Every attempt at using regrest (the restore counterpart to regback) failed.
I tried enough combinations of relative and absolute path names and both
full directory and individual file (hive) restores that I was confident
it simply wasn't going to work no matter how I varied the command line.
I reviewed the instructions between nearly every attempt.
At this point I restored the hard disks to the original
PCs and took the NT server and the Celeron with what
I thought was a bad hard disk back to the shop where they came from.
Incompatibilities
I then experimented with the second new Celeron PC, and got exactly the same
sequence of errors as the first. I then believed the two messages were
directly related and that something in the BIOS or disk geometry was giving
NT a problem and all it could report was a bad block. While these are low
end PCs, they are less than six weeks old.
I expect the bios is too new for this now old NT 4 to recognize. They
are about as generic as you can get today. They are compatible enough
that in addition to Windows 98, Linux and OpenBSD install on them.
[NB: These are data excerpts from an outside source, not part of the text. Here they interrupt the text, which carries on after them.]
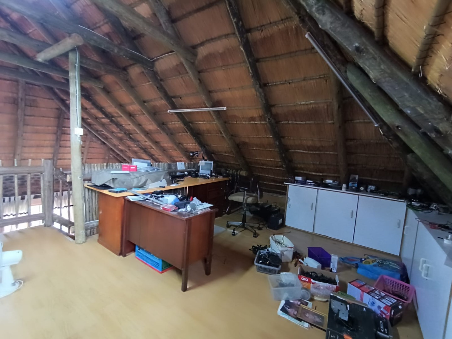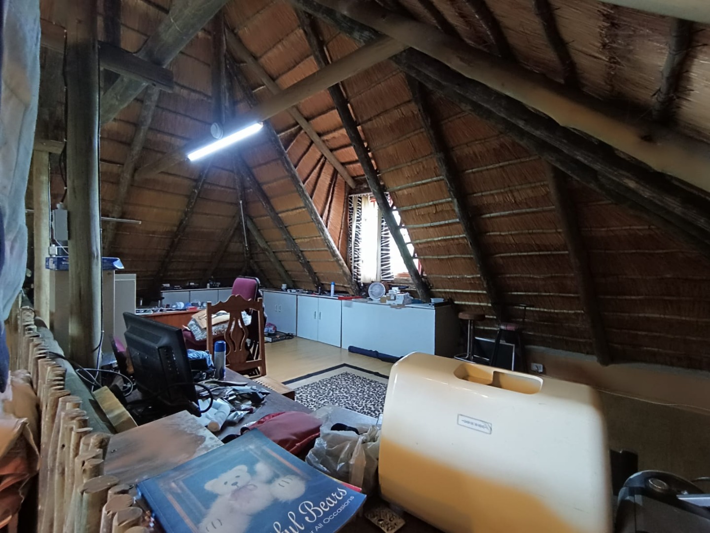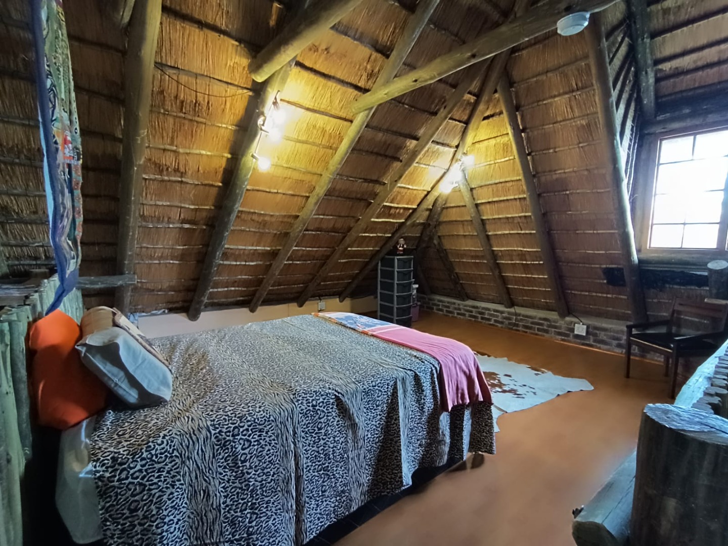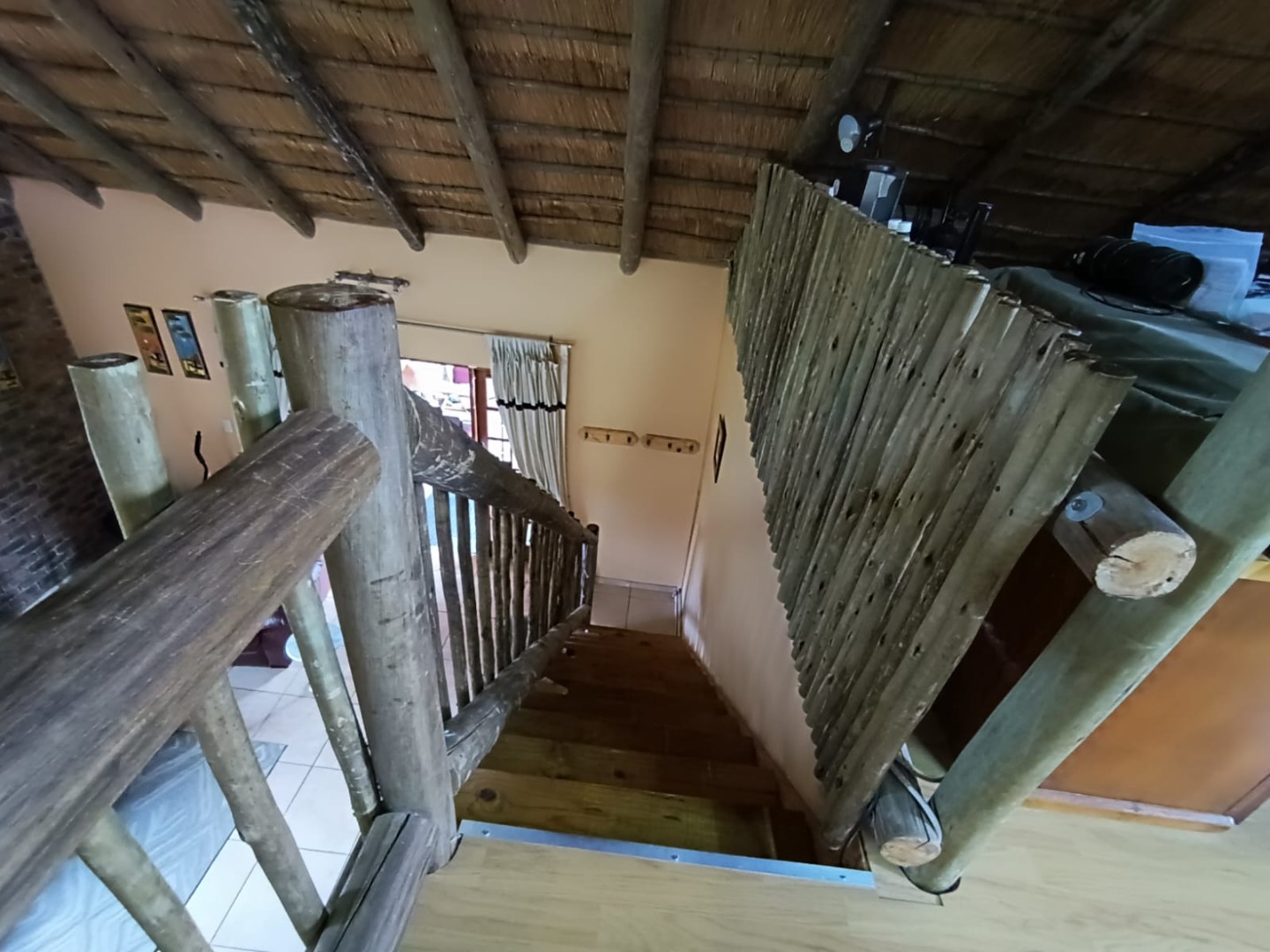 Discover a charming holiday home nestled in the tranquil setting of Oranjeville, offering a unique blend of rustic appeal and comfortable living. This delightful property, set on a generous 1115 sqm erf with a floor size of 285 sqm, immediately captivates with its distinctive thatched roof and sturdy brick exterior, exuding a timeless character that blends seamlessly with the lush natural surroundings.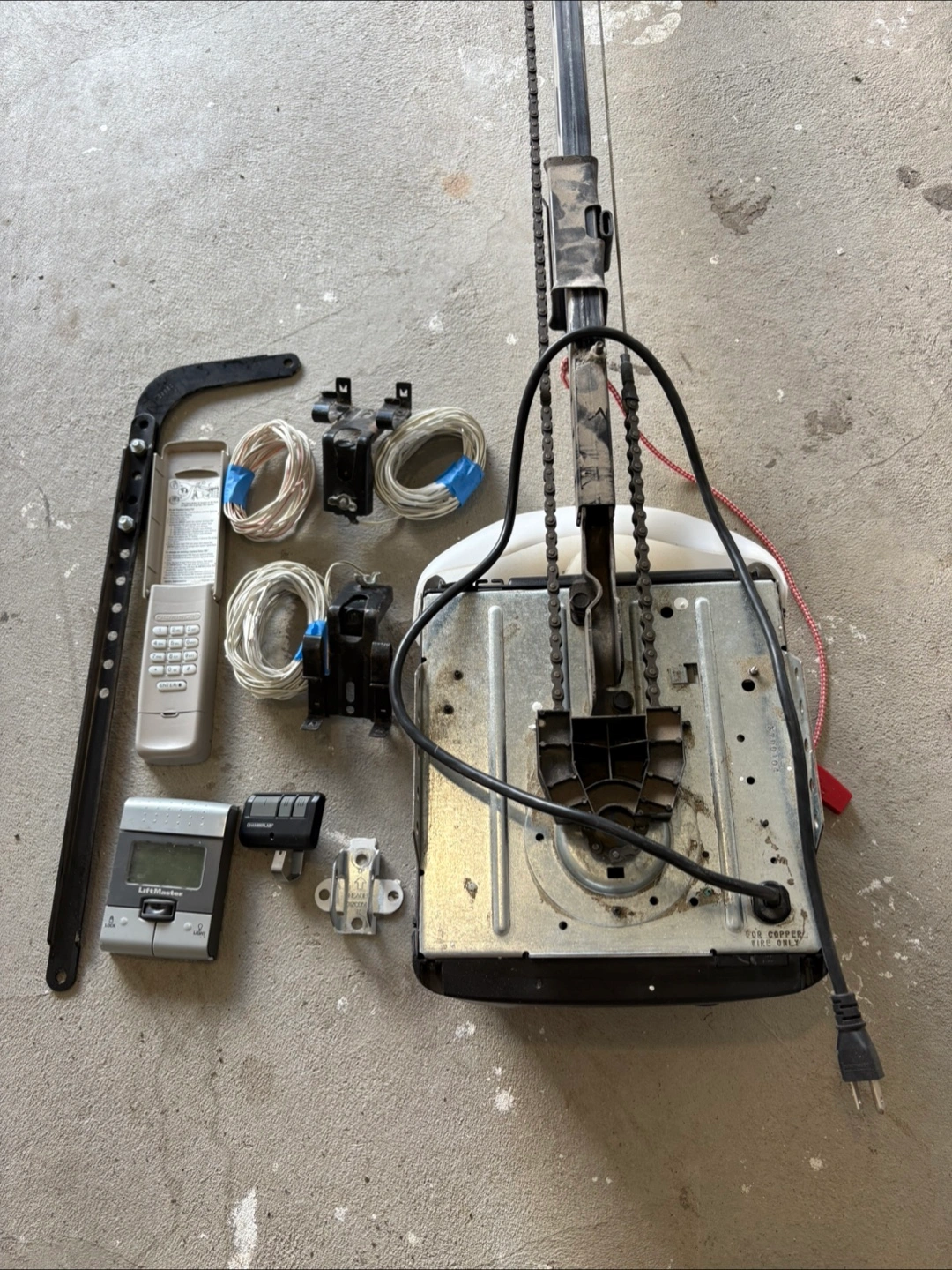 Chamberlain 1/2 HP Garage Chain Drive Door Opener (Purple learning button) with: - 1 x Control unit with screen (time, temp, config) - 1 x control unit full length wire - 2 x sensors with full length wire - 1 x 3 button opener ๐ฅ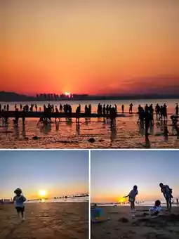 After avoiding the scorching sun, we set out to the beach to stroll (dig) in the sand. After realizing that we couldn’t walk to the Big Whale 🐳 to check in, we took a taxi to Yangfan Square to continue basking in the sun – the children had no resistance to the slides and other facilities in the square. The setting sun will fall between the buildings but it cannot block its splendor. There are many green algae on the beach but it does not affect the majestic atmosphere of the picture. At this time, you should also prepare a small bucket, because you can grab a handful of small algae.

Over time I experimented with
both primary and extended partitions, partition and logical drive sizes
less than 4GB and using all remaining space and FAT and NTFS.
All seemed to get the same result, except that at some point the event
log entries simply stopped appearing. That does not inspire confidence
that the resulting system will be usable. The format seemed to hang each time.
After I realized new event log entries were not being
created, I returned to a full size primary partition and tried another
format. About an hour and a half later, after appearing to have worked
but incredibly slowly, NT displayed a dialog box which said NT couldn't format
the disk. My recollection is that the second partition format typically
only takes a few minutes (varying with size of the partition and speed of
the machine).
Finally I tried the quick format which I don't trust and normally
do not use. It appeared
to complete in a second or two. A subsequent scan of the new disk
suggests it's OK. I never got the opportunity to determine if this
install would be usable as the shop fixed the power supply and
formatted the Celeron disk in only a few hours.
I wanted to
experiment with the Celeron to see if a restore could have been
accomplished with less than a full manual install. After the
original server was working again, as described below,
I could think of no way to do this
without conflicting with the IP addresses of the original server.
I was not willing to take the NT server off-line for such experiments
now that it was back.
Restoring the Original Server
With a new power supply, the original NT server booted but as I expected,
the registry was damaged and there were errors. I suspected but had
never confirmed that the registry backups made by
regback were physical duplicates of the original registry files.
I had registry backups from shortly before the power supply failed.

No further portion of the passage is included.